Central Asia map

By Aleksandr Shustov

Contrary to President Obama’s pledge, the US has no intention to turn the page on the military foothold in Afghanistan. In fact, the US plans to reinforce its presence in the region by partially relocating the pertinent military infrastructures to Central Asia.

The US and NATO have lost grip on Afghanistan’s southern, Pashtun-populated provinces on which the defiant Talibs long imposed the Sharia law. Afghanistan continues to host several key US military bases - in Bagram, Shindand, the Nangarhar Province, Kandahar, and in the northern Mazār-i-Sharīf - after Washington’s unpublicized (but as of today sustained) talks with the Talibs produced the corresponding agreement and the US partially withdrew its forces from Afghanistan. The arrangement - in line with the Greater Middle East strategy which implies multiple tailorings of the country’s borders - reads as a de facto partition of Afghanistan based on the ethnicity principle.

Washington is going to offer Central Asian republics background roles of transit hubs supplying the coalition efforts in Afghanistan or, if necessary, helping to dispatch additional contingents of Western troops to the country. The plan to deploy US special forces in Central Asia and Pakistan was unveiled back in September, 2009. The Pentagon’s wishlist includes the stationing of mobile special operations groups in Kazakhstan, Kyrgyzstan, Tajikistan, Uzbekistan, and Turkmenistan with the stated goal of tightening the security along the coalition’s northern supply route, though it is easily predictable at the moment that their actual mission will not be limited to the task.

Information about the US blueprint for constructing military infrastructures in all of the five Central Asian republics surfaced in August, 2010. The US Central Command’s counter-narcotics fund is going to pour over $40m into building military training centers in Osh (Kyrgyzstan) and Karatog (Tajikistan) plus a canine training facility and a helicopter hangar near Almaty (Kazakhstan), and into upgrading border-crossing checkpoints in Uzbekistan, Kyrgyzstan, and Turkmenistan. A far-reaching US agenda looms behind the geographic distribution of the facilities, considering that Saraghs, the checkpoint in Turkmenistan, is sited at the republic’s border with Iran, and the Kyrgyz checkpoint is located near Batkent, in the strategic sector of the Fergana Valley.

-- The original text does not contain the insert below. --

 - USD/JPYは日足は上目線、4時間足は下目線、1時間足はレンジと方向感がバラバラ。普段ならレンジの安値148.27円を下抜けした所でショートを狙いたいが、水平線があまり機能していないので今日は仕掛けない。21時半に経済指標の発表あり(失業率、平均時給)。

Kyrgyzstan is given priority on the US Central Asian agenda. In August, 2008, Washington and Bishkek opened negotiations over the construction of a training center in the Batkent province. The idea was shelved in April, 2010 in the wake of the ouster of former Kyrgyz president K. Bakiyev but reanimated shortly thereafter. According to Central Asia expert A. Knyazev, full groundwork for the project is in place in Batkent. In the meantime, Russia’s bid to establish a training center for the Collective Security Treaty Organization, also in Batkent, seems hopelessly defeated. On top of that, in the summer of 2010, the Kyrgyz administration renewed under wraps the US lease of the Manas airbase sited in the proximity of Bishkek.

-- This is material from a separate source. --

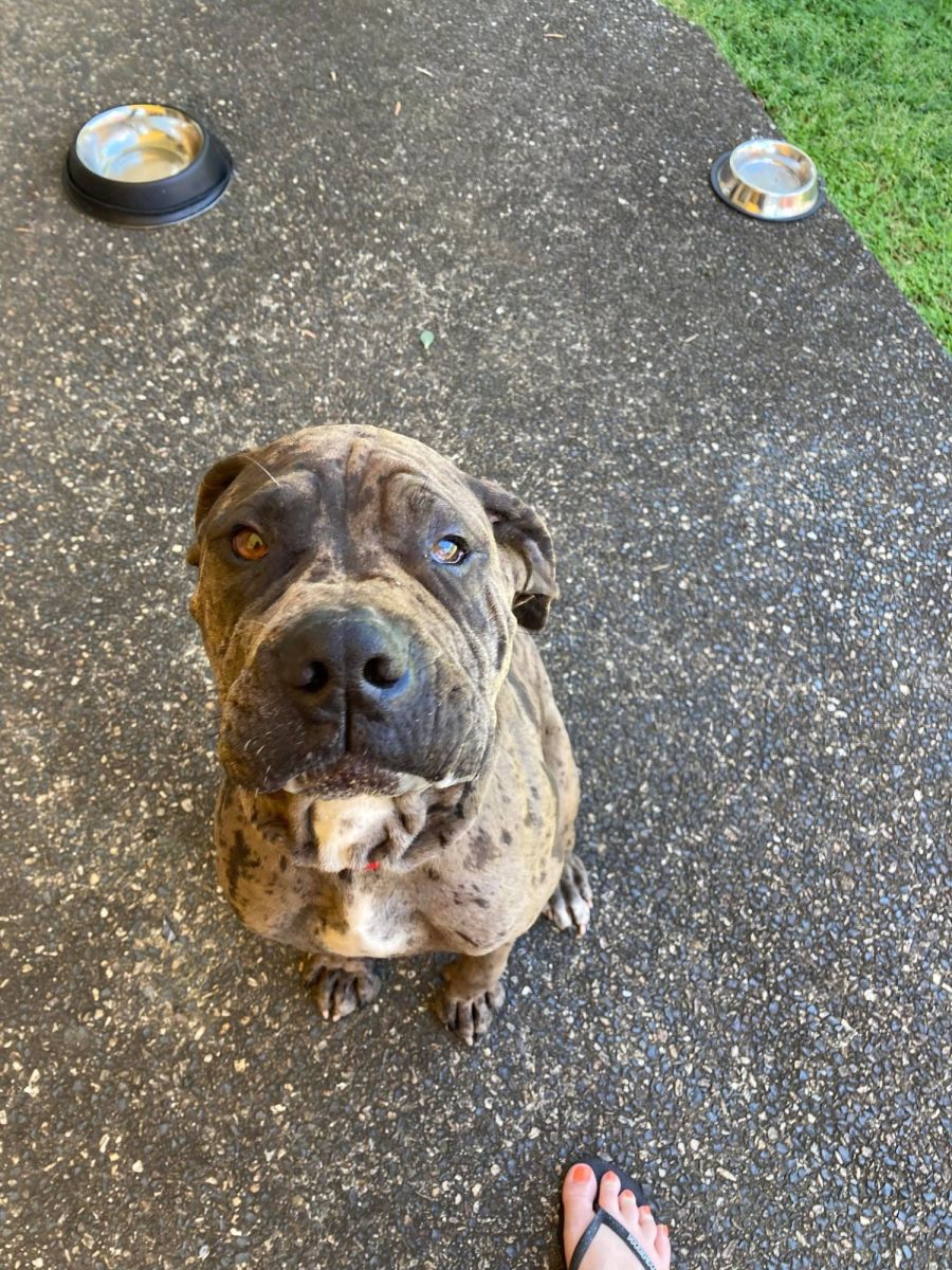 He is still spooked by men but once they show him they aren’t going to cause harm, he warms up to them super quick! This boy is a head turner and a smooch, making almost everyone he walks past stop and have a chat to him and give him lots of pats!

Dushanbe is contemplating a military base deal with Washington similar to the one sealed by Bishkek. In addition to financial perks (in Kyrgyzstan, the total generated by the Manas lease makes a handsome $60m annually), having a US military base on the premises would boost the Tajik administration’s self-confidence vis-a-vis Russia. Tajikistan’s Ayni airbase located in a Dushanbe suburb may be a likely candidate. The Tajik military engagement with the US is gaining momentum against the backdrop of a lasting chill between Moscow and Dushanbe, whose array of contentious issues includes the lease of the Ayni airbase to an air group of Russia’a 201st military base and the presence in Tajikistan of Russian military advisers consulting the republic’s military on border security. Moreover, prospects are dim for the stay of the whole 201st base in Tajikistan beyond 2014, the year the lease of the base to Russia expires.

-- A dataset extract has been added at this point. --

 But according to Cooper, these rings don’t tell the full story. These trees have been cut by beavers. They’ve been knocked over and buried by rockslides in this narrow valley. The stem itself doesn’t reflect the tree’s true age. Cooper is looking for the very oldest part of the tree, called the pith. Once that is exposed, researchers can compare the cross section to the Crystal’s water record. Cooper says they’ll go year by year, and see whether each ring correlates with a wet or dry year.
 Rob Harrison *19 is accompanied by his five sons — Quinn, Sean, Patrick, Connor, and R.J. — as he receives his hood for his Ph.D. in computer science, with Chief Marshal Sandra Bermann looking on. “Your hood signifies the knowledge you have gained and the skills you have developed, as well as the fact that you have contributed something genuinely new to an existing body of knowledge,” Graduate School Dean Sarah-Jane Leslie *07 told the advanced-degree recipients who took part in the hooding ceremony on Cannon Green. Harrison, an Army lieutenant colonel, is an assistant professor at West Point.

Russian defense minister’s scheduled visit to Tajikistan was postponed indefinitely after Tajik foreign minister Hamrokhon Zarifi held talks with NATO Secretary General’s special representative for Central Asia and the Caucasus James Appathurai on June 22. Tajik foreign ministry released a statement indicating that the discussions revolved around the relations between Tajikistan and NATO, their interaction in the framework of the Partnership for Peace program, and such themes as Afghanistan’s border security and domestic reconciliation. A day later, on June 23, US ambassador to Tajikistan Ken Gross met with Tajik president Emomalii Rahmon.

As for Moscow, it is clear that it risks seeing its influence over the Central Asian republics dwindle while the US is “withdrawing” from Afghanistan and switching to Central Asia.

Aleksandr Shustov is a columnist for the Strategic Culture Foundation.